▶ **Task goal**: Please copy every record below exactly, leaving out the pictures.

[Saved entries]
§ §

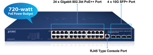 El switch administrado Gigabit 802.3bt PoE++ PLANET GS-4210-24UP4X cuenta con funciones PoE inteligentes PLANET para mejorar la disponibilidad de aplicaciones empresariales críticas. Proporciona administración de doble pila IPv6/IPv4 y un motor de conmutación Gigabit L2/L4 integrado. El GS-4210-24UP4X viene con 24 puertos 10/100/1000BASE-T 802.3bt PoE++ y 4 puertos de fibra de 10 Gigabit, con un presupuesto de energía total de 720 vatios. El GS-4210-24UP4X ofrece una solución de red 802.3bt PoE++ rápida, segura y rentable para pequeñas empresas y grandes empresas.
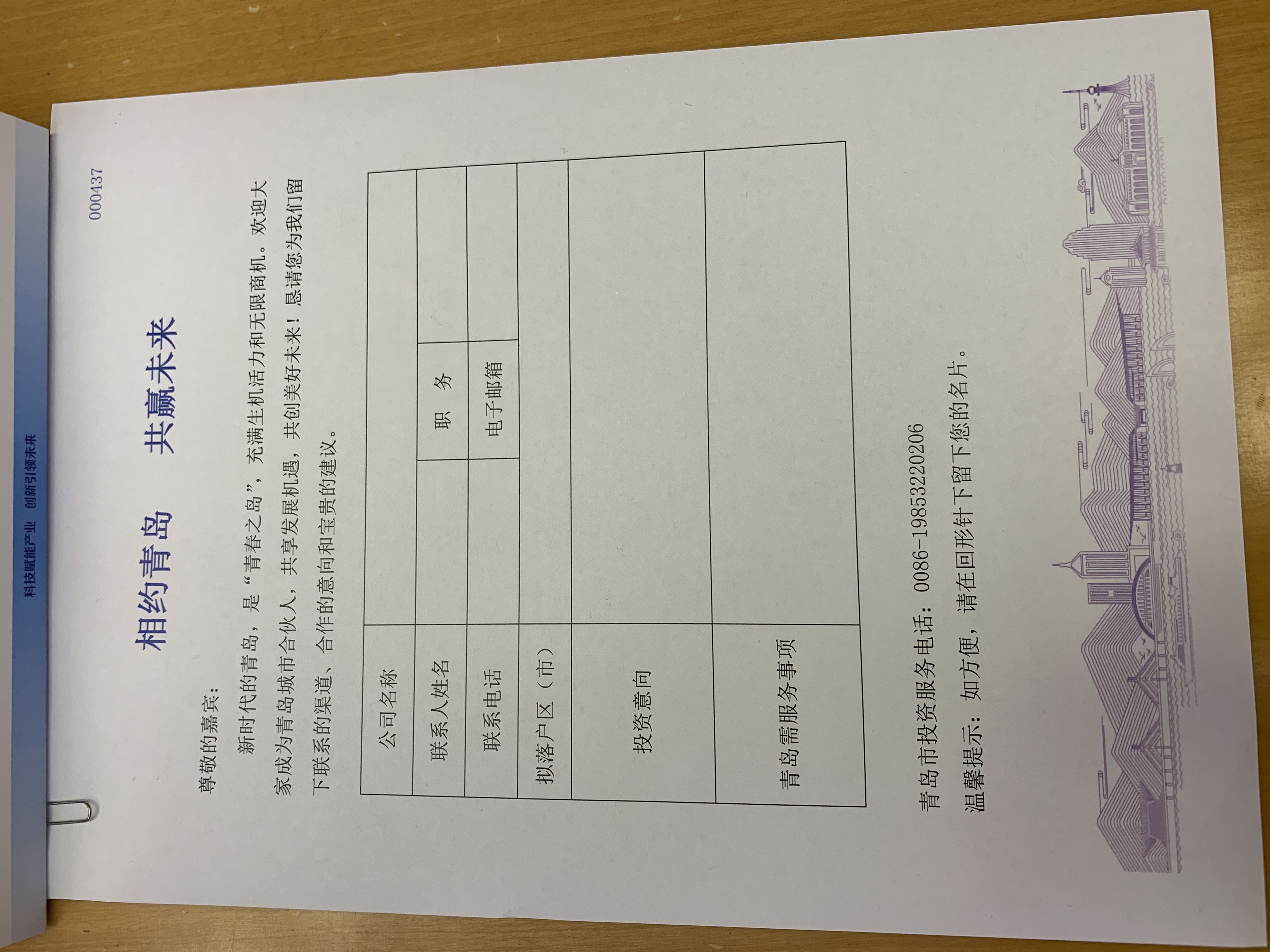 大众网·海报新闻济南9月9日讯(记者吴军林)9日下午,大众网·海报新闻记者在青年企业家创新发展国际峰会2019青岛专场推介会注意到,每位参会嘉宾的桌上都摆放了一张带有编号的信息表,包括公司名称、联系人姓名、联系电话、拟落户区(市)、投资意向和青岛需服务事项等。
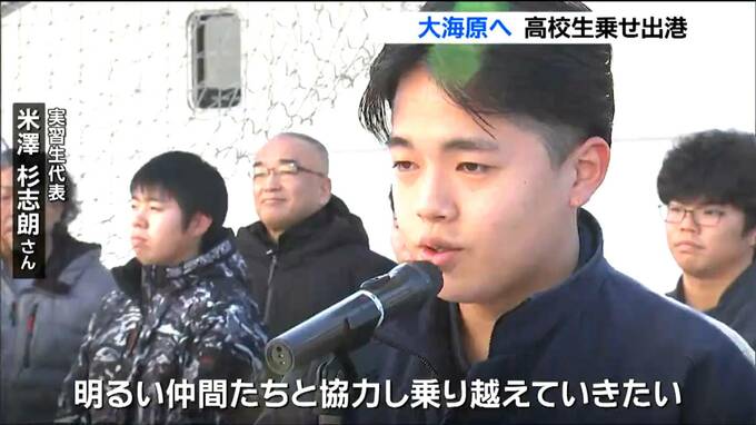 「宮城丸」で実習するのは宮城県石巻市と気仙沼市の水産高校の2年生ら23人です。石巻漁港で行われた出港式では、実習生の代表が決意を述べました。
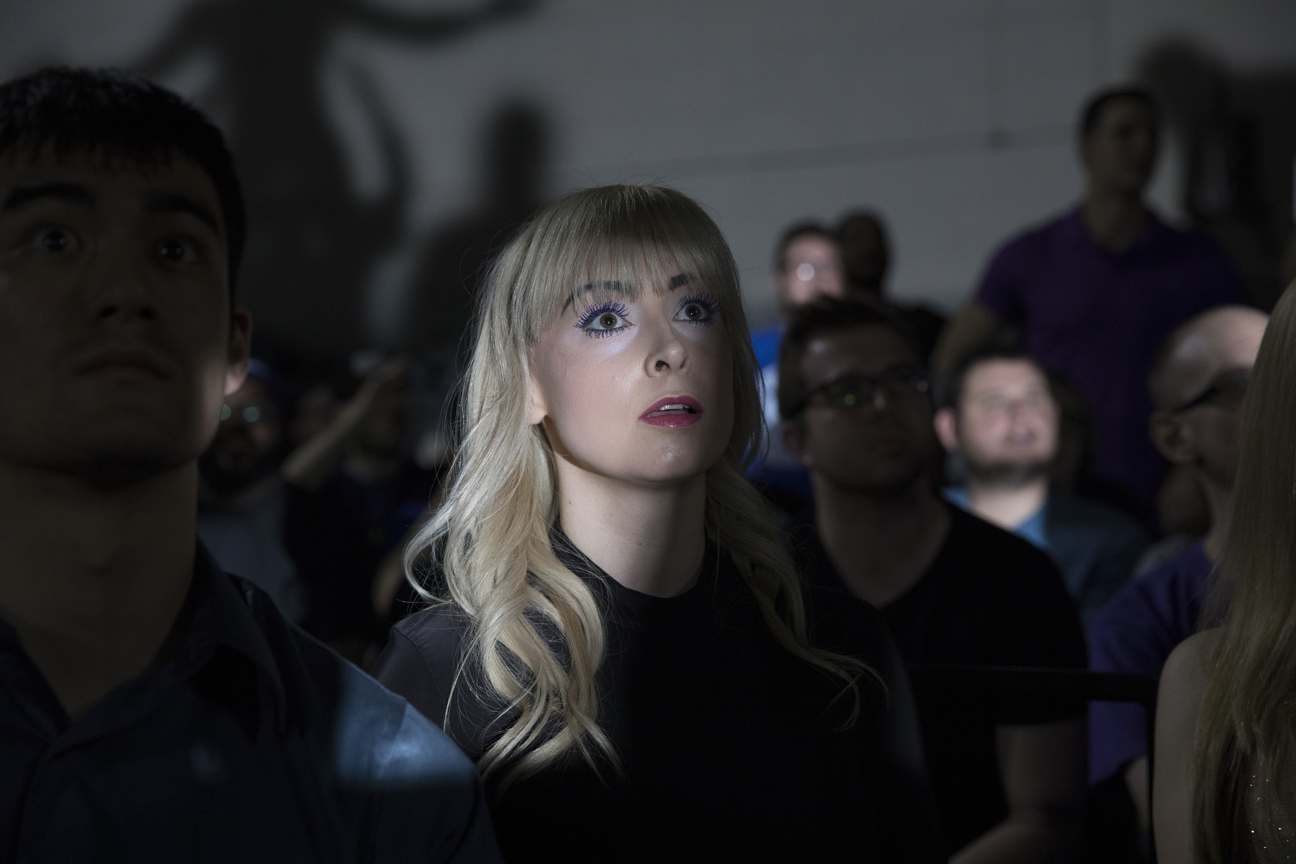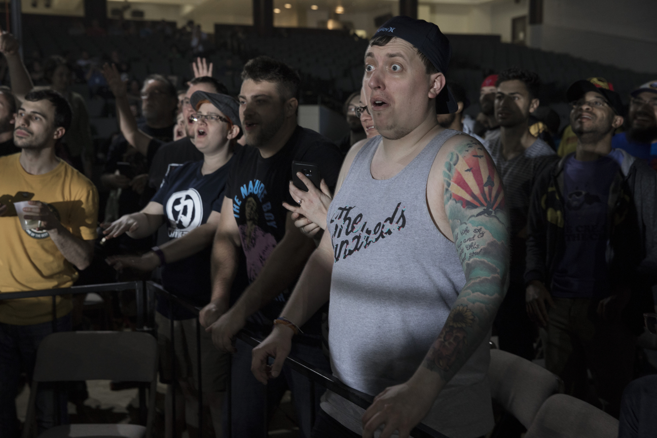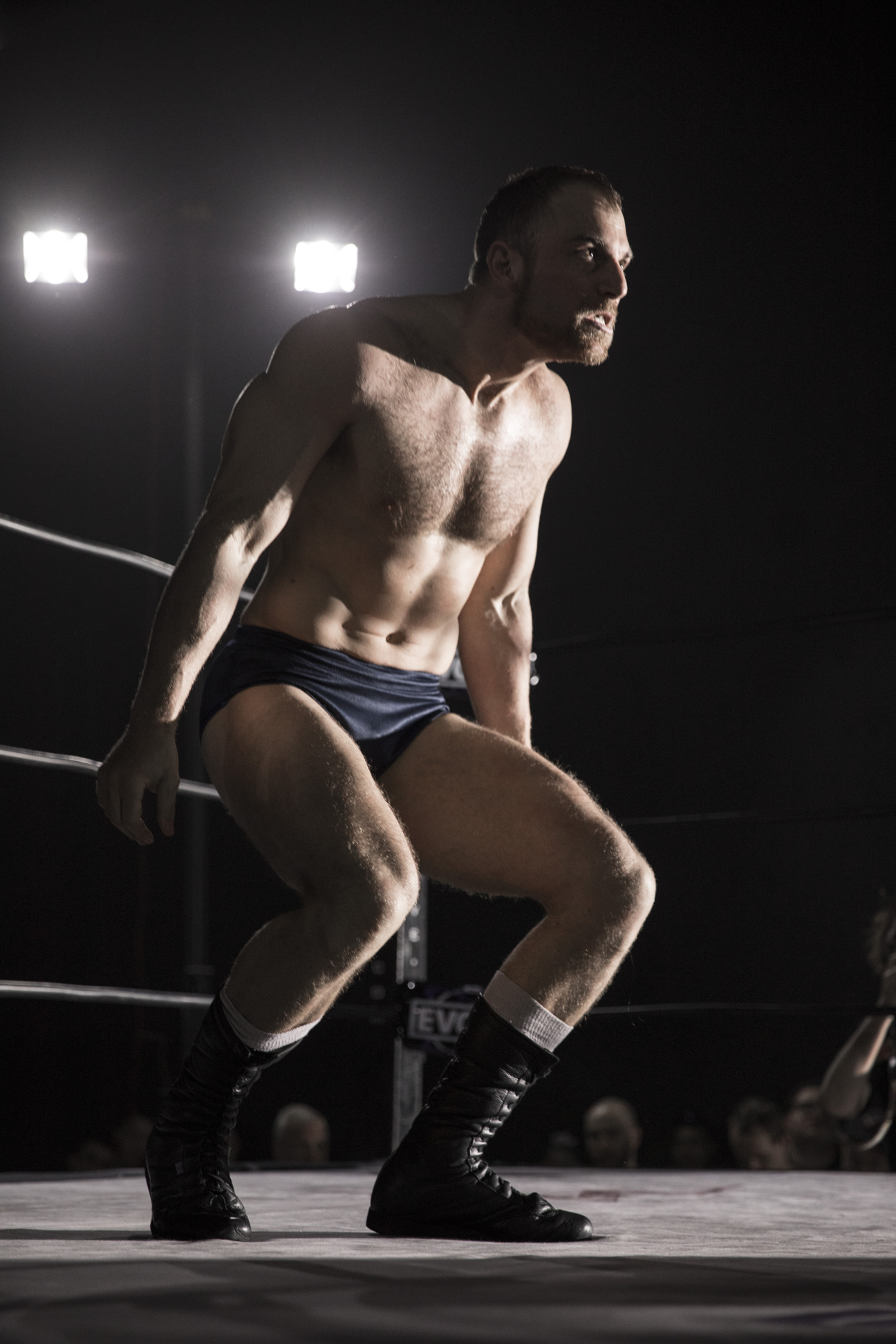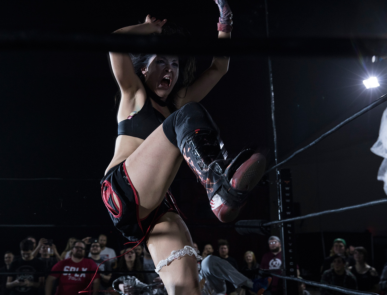 Joanna Rose, actriz británica, sirve como anunciadora en el ring para varias empresas de lucha libre, entre ellas EVOLVE. Ella luce enfocada en medio de la multitud mientras el campeón de EVOLVE Zac Sabre Jr. se mide al ex campeón de la empresa PROGRESS Mark Haskins como parte del súper show de WWN: Mercury Rising 2017: Evolve vs. Progress.
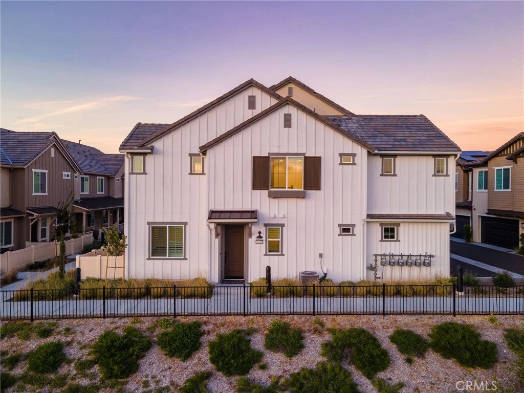 Located in Temecula’s highly sought-after Sommers Bend – Discovery Community, this rare end-unit residence is the largest model offered and one of the most private homes in the neighborhood. Showcasing a modern white farmhouse exterior, no street and no neighbors in front, and incredible unobstructed views, this beautifully upgraded 3-bedroom, 2.5-bath home with a spacious loft truly stands apart. Inside, natural light fills the home, highlighting modern finishes, thoughtful upgrades, and a clean, contemporary aesthetic designed for both comfort and style. The open-concept main living space flows effortlessly, anchored by a stylish living room fireplace that creates a warm and inviting focal point for everyday living and entertaining alike. The modern kitchen serves as the heart of the home, featuring sleek cabinetry, upgraded finishes, a walk-in pantry, and generous storage that makes the space as functional as it is beautiful. Custom plantation shutters throughout add timeless style, privacy, and exceptional light control. Upstairs, the loft offers flexible living space — ideal for a home office, media room, or additional lounge — while the bedrooms provide comfort and privacy with an open, airy feel. The primary suite serves as a peaceful and spacious retreat, thoughtfully designed for relaxation. The ensuite bathroom features a large walk-in shower, dual vanities, and an oversized walk-in closet, creating a private sanctuary that blends function with everyday luxury. Practical upgrades further elevate the home, including paid-off solar for energy efficiency and long-term savings, an oversized two-car garage with professionally installed storage, and electric vehicle charging capabilities for modern convenience. With no front-facing neighbors, enhanced privacy, and views that truly set it apart, this home presents a rare opportunity to own one of the most desirable residences in Sommers Bend. Residents enjoy resort-style amenities including pools and spa, a fitness center, clubhouse, sports courts, scenic walking trails, parks, and vibrant community gathering spaces — all just minutes from top-rated schools, Temecula Wine Country, shopping, dining, and convenient freeway access. This is a home you do not want to miss.

§ §

▶ **Answer section**:
 El switch administrado Gigabit 802.3bt PoE++ PLANET GS-4210-24UP4X cuenta con funciones PoE inteligentes PLANET para mejorar la disponibilidad de aplicaciones empresariales críticas. Proporciona administración de doble pila IPv6/IPv4 y un motor de conmutación Gigabit L2/L4 integrado. El GS-4210-24UP4X viene con 24 puertos 10/100/1000BASE-T 802.3bt PoE++ y 4 puertos de fibra de 10 Gigabit, con un presupuesto de energía total de 720 vatios. El GS-4210-24UP4X ofrece una solución de red 802.3bt PoE++ rápida, segura y rentable para pequeñas empresas y grandes empresas.
 大众网·海报新闻济南9月9日讯(记者吴军林)9日下午,大众网·海报新闻记者在青年企业家创新发展国际峰会2019青岛专场推介会注意到,每位参会嘉宾的桌上都摆放了一张带有编号的信息表,包括公司名称、联系人姓名、联系电话、拟落户区(市)、投资意向和青岛需服务事项等。
 「宮城丸」で実習するのは宮城県石巻市と気仙沼市の水産高校の2年生ら23人です。石巻漁港で行われた出港式では、実習生の代表が決意を述べました。
 Joanna Rose, actriz británica, sirve como anunciadora en el ring para varias empresas de lucha libre, entre ellas EVOLVE. Ella luce enfocada en medio de la multitud mientras el campeón de EVOLVE Zac Sabre Jr. se mide al ex campeón de la empresa PROGRESS Mark Haskins como parte del súper show de WWN: Mercury Rising 2017: Evolve vs. Progress.
 Located in Temecula’s highly sought-after Sommers Bend – Discovery Community, this rare end-unit residence is the largest model offered and one of the most private homes in the neighborhood. Showcasing a modern white farmhouse exterior, no street and no neighbors in front, and incredible unobstructed views, this beautifully upgraded 3-bedroom, 2.5-bath home with a spacious loft truly stands apart. Inside, natural light fills the home, highlighting modern finishes, thoughtful upgrades, and a clean, contemporary aesthetic designed for both comfort and style. The open-concept main living space flows effortlessly, anchored by a stylish living room fireplace that creates a warm and inviting focal point for everyday living and entertaining alike. The modern kitchen serves as the heart of the home, featuring sleek cabinetry, upgraded finishes, a walk-in pantry, and generous storage that makes the space as functional as it is beautiful. Custom plantation shutters throughout add timeless style, privacy, and exceptional light control. Upstairs, the loft offers flexible living space — ideal for a home office, media room, or additional lounge — while the bedrooms provide comfort and privacy with an open, airy feel. The primary suite serves as a peaceful and spacious retreat, thoughtfully designed for relaxation. The ensuite bathroom features a large walk-in shower, dual vanities, and an oversized walk-in closet, creating a private sanctuary that blends function with everyday luxury. Practical upgrades further elevate the home, including paid-off solar for energy efficiency and long-term savings, an oversized two-car garage with professionally installed storage, and electric vehicle charging capabilities for modern convenience. With no front-facing neighbors, enhanced privacy, and views that truly set it apart, this home presents a rare opportunity to own one of the most desirable residences in Sommers Bend. Residents enjoy resort-style amenities including pools and spa, a fitness center, clubhouse, sports courts, scenic walking trails, parks, and vibrant community gathering spaces — all just minutes from top-rated schools, Temecula Wine Country, shopping, dining, and convenient freeway access. This is a home you do not want to miss.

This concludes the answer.